#### THE TASK
Output exactly, in the material below, the lines from the one with "Americana sai para" through the one with "Gimbal lock occurs". Omit all pictures.
(DATA Opens)
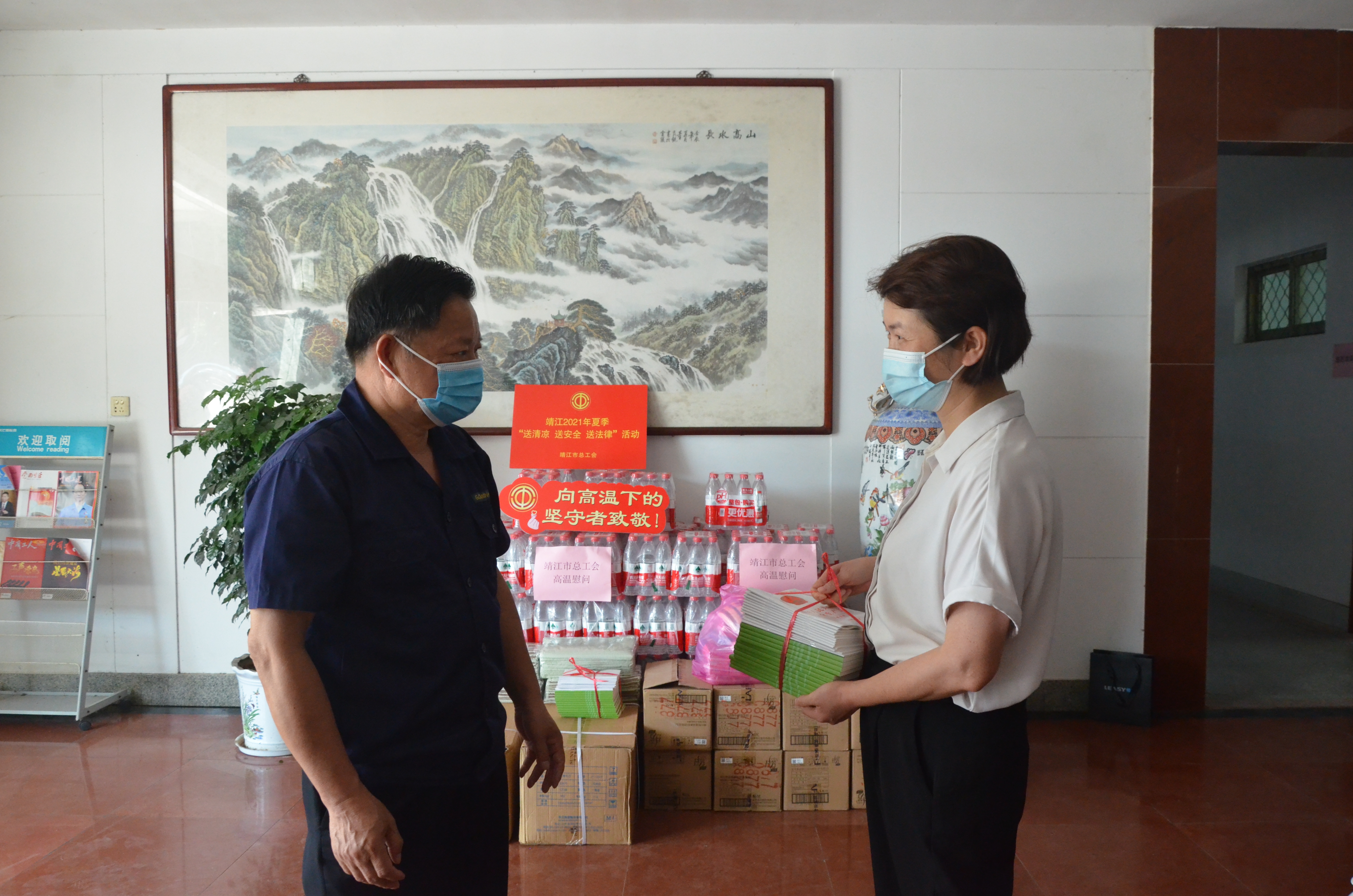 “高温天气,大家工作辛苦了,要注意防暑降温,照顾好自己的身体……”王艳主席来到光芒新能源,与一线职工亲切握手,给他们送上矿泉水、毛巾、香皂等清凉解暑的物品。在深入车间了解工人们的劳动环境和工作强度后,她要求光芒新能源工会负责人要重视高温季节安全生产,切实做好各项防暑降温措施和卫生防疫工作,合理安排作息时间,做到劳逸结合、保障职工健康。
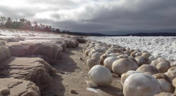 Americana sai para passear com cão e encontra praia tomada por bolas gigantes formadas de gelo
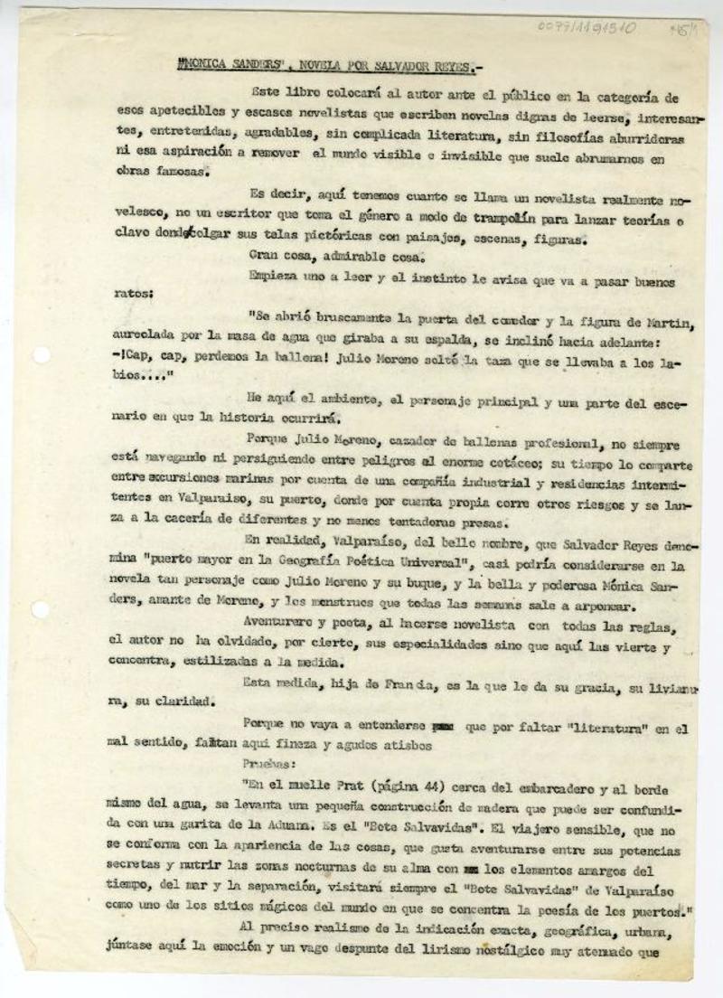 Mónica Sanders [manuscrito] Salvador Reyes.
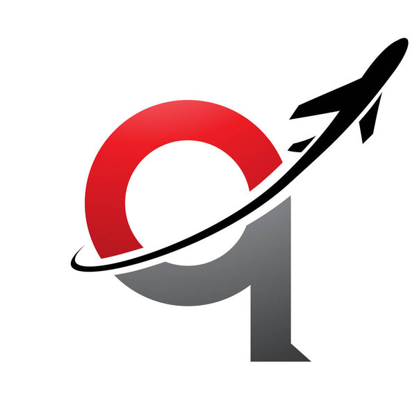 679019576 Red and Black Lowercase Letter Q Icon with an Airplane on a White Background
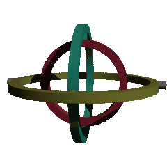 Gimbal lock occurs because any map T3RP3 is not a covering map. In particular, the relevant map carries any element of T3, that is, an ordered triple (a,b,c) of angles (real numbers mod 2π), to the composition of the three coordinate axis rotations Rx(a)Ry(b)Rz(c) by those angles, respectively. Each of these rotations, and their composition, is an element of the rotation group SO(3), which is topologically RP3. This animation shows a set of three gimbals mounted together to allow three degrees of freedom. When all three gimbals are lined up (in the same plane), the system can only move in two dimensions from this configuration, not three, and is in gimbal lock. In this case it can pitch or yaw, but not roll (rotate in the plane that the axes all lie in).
(DATA Closes)
(DATA Opens)
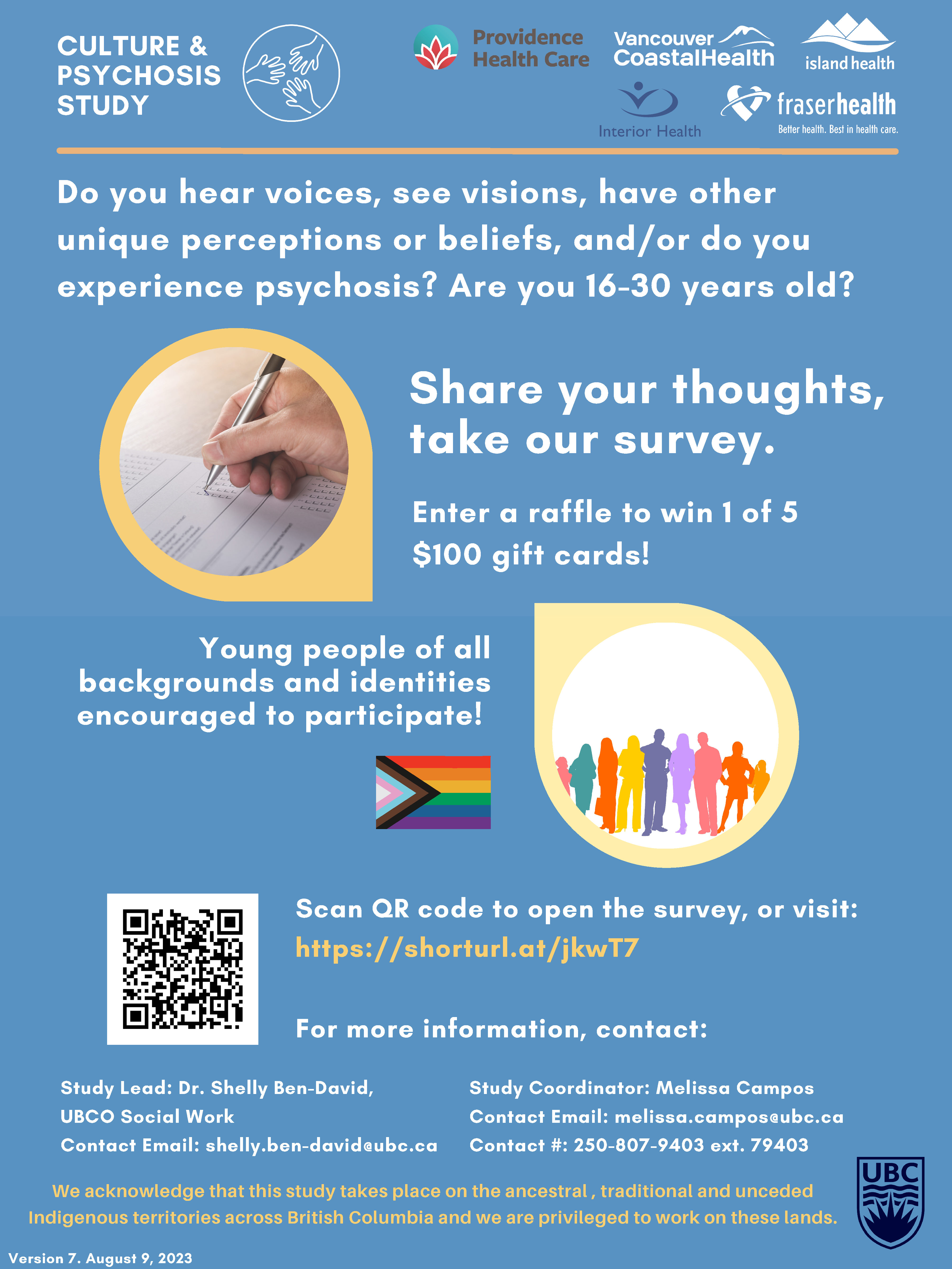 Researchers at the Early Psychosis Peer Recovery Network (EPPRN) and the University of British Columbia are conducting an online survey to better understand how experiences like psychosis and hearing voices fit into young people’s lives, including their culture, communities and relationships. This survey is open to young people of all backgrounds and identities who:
(DATA Closes)
#### RESULT BELOW
 Americana sai para passear com cão e encontra praia tomada por bolas gigantes formadas de gelo
 Mónica Sanders [manuscrito] Salvador Reyes.
 679019576 Red and Black Lowercase Letter Q Icon with an Airplane on a White Background
 Gimbal lock occurs because any map T3RP3 is not a covering map. In particular, the relevant map carries any element of T3, that is, an ordered triple (a,b,c) of angles (real numbers mod 2π), to the composition of the three coordinate axis rotations Rx(a)Ry(b)Rz(c) by those angles, respectively. Each of these rotations, and their composition, is an element of the rotation group SO(3), which is topologically RP3. This animation shows a set of three gimbals mounted together to allow three degrees of freedom. When all three gimbals are lined up (in the same plane), the system can only move in two dimensions from this configuration, not three, and is in gimbal lock. In this case it can pitch or yaw, but not roll (rotate in the plane that the axes all lie in).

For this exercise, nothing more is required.